Overview

As a programmer, you can consider a feature, in machine learning, to be a variable associated with some entity that contains a value that is useful for helping train a model to solve a prediction problem. That is, the feature is just a variable with predictive power for a machine learning problem, or task.

A feature group is a table of features, where each feature group has a primary key, and optionally an event_time column (indicating when the features in that row were observed), and a partition key. Collectively, they are referred to as columns. The partition key determines how to layout the feature group rows on disk such that you can efficiently query the data using queries with the partition key. For example, if your partition key is the day and you have hundreds of days worth of data, with a partition key, you can query the day for only a given day or a range of days, and only the data for those days will be read from disk.
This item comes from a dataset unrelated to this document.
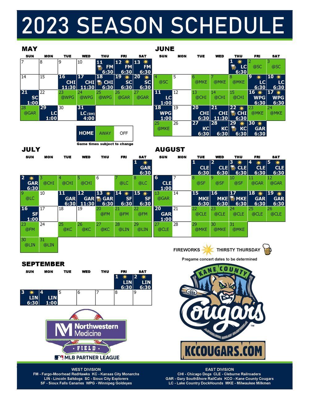 Kane County Cougars at Fargo-Moorhead RedHawks at Newman Outdoor Field

Online and offline Storage#

Feature groups can be stored in a low-latency "online" database and/or in low cost, high throughput "offline" storage, typically a data lake or data warehouse.

Online Storage#

The online store stores only the latest values of features for a feature group. It is used to serve pre-computed features to models at runtime.

Offline Storage#

The offline store stores the historical values of features for a feature group so that it may store much more data than the online store. Offline feature groups are used, typically, to create training data for models, but also to retrieve data for batch scoring of models.

In most cases, offline data is stored in Hopsworks, but through the implementation of storage connectors, it can reside in an external file system. The externally stored data can be managed by Hopsworks by defining ordinary feature groups or it can be used for reading only by defining External Feature Group.